Speaking from his home in Baglan where he lives with his wife Abigail, he recalled: “They were emaciated…I don’t think they’d had a decent meal in three or four years.”
Raymond said the released troops began their recovery on the ships taking them home with the Royal Army Medical Corps providing as much help and support as they could - including breakfasts of porridge and squares of bread with a large dollop of jam “from a whopping great tin”.
On one occasion, his ship called at Nagasaki, which along with Hiroshima, had been hit with Atom Bombs in August 1945.
Raymond said his ship had great difficulty docking in Nagasaki as the port was “full of twisted metal”.
After another long voyage from the UK his ship called at Hiroshima with Raymond noting that even though this was several months after the dropping of the atom bomb “people were still walking around in bandages”.

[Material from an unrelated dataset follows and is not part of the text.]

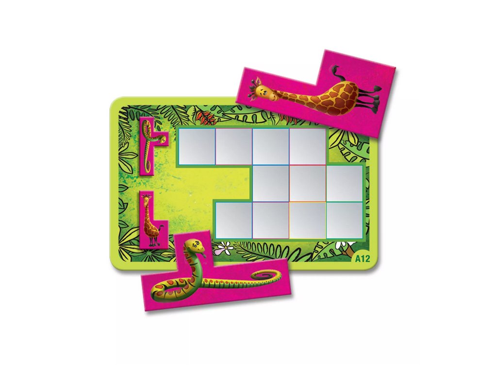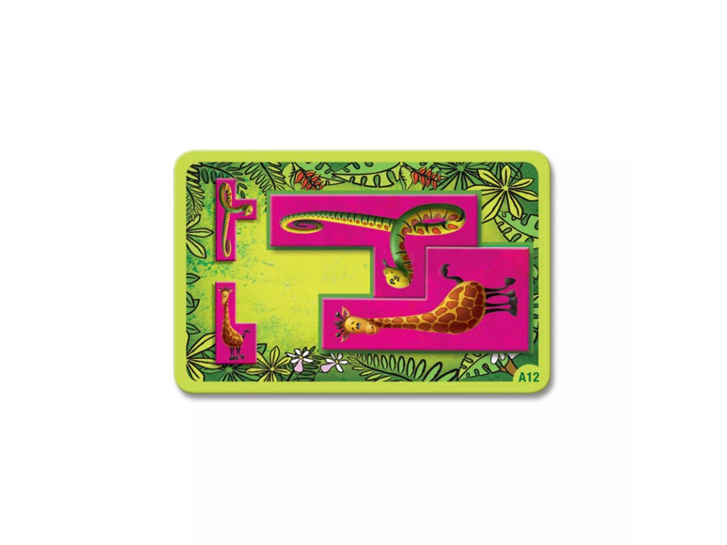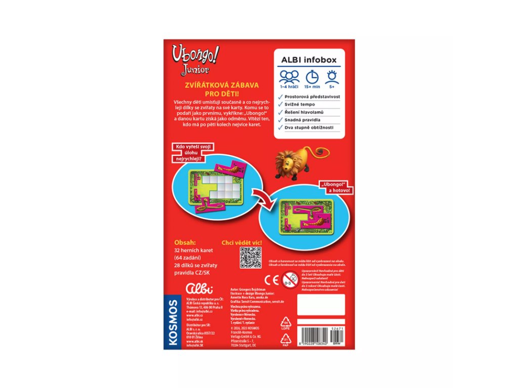 Hra Ubongo Junior Mini obsahuje: 32 herních karet s 64 zadáními, 28 dílků se zvířaty, pravidla.

He said: ”In Hiroshima 70,000 were killed straight off with another 70,000 or 75,000 being killed in Nagasaki. Many of them had catastrophic burns.”
While in Hiroshima Raymond bought a number of mementos including two kimonos, a German camera and a Japanese tea set – he still has the tea set in his home in Baglan.
At the end of the war Raymond attended a demobilisation centre where he said: “We got a little suit, a pair of shoes and off we went with forty-eight quid.”